Action Plan: Set aside 45 minutes on Tuesdays and Thursdays to work on these types of tasks. It’s now on my calendar and I don’t feel guilty for not getting back to people on the other days of the week.

 Ask an Important Question

I try to ask this question at the end of each day not only to gather information, but also to help shape the following day. I don’t like to see that I’ve made the same mistakes twice in a row. 🙂 :

“Did I spend my day producing enough benefit for all the time invested?” (Seth Godin)

This necessitates me asking what the benefit of each task is, which forces me to really be truthful with myself.

Communicating with writers about potential consultations or critiques means a chance to work with wonderful creatives.

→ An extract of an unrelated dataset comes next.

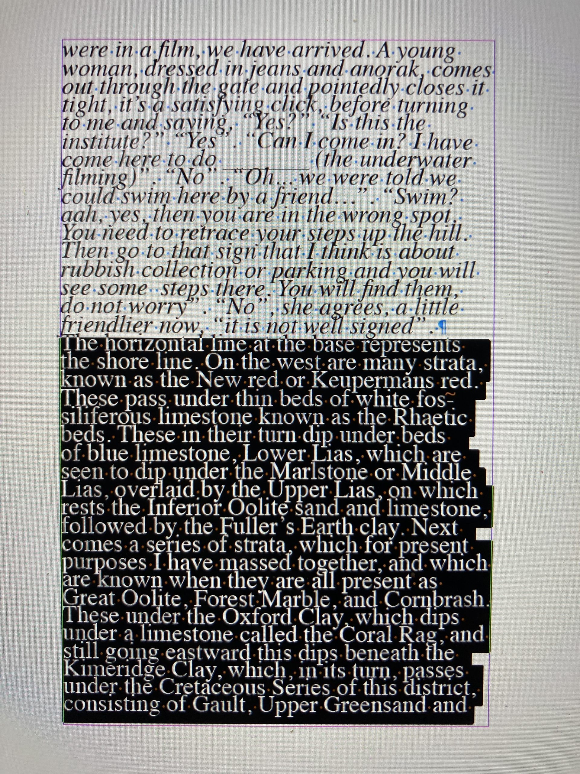 A piece of writing which was inspired by a guide book to Walks in Somerset found in a youth hostel’s cupboard, bought in a local auction. I started writing a diary whilst on the KURS Artists and Writers Residency in Split, 2017. The initial material has become a piece of writing about intermittent and intense anxiety, when the intention was to document a series of walks and swims in the Marjan Park Forest of Split, a spectacular limestone landscape famous for its quarries. The writing is fragmentary and chopped up, trying to represent a state of mind. The pieces of writing are treated like fossils, or as layers in the strata of sedimentary rock, sentences as conglomerates of words. They are literally sandwiched into lines of text taken from a C19th book about Geology, which in pedantic detail tours Great Britain’s underlying rock formations, including the shelly limestone of Portland and the yellow sandstone of Burton Bradstock. 5 years have passed, there have been many interruptions in the timeline.

TOTALLY worthwhile and a benefit, even if in the end it’s not a good match and we don’t end up working together. 

Spending an hour looking up fashion designers who were popular a few years ago for my novel when “designer dress” would do–no benefit and precious creative time wasted. 

Action Plan: Evaluate a task before jumping into to it to determine the benefits.

Imbue Value Where You Don’t See Any

Many tasks must be done regardless. If you don’t see value in a specific task, give it some.

Going through the mail and making choices–keep and put away, recycle, etc–gives me a sense of accomplishment and keeps my desk clear, something that can be a struggle for me. There is value in that for me.

What’s important is making sure it’s valuable to you and trying not to let outside observers, or even your own internal critique, derail you and what you want to accomplish.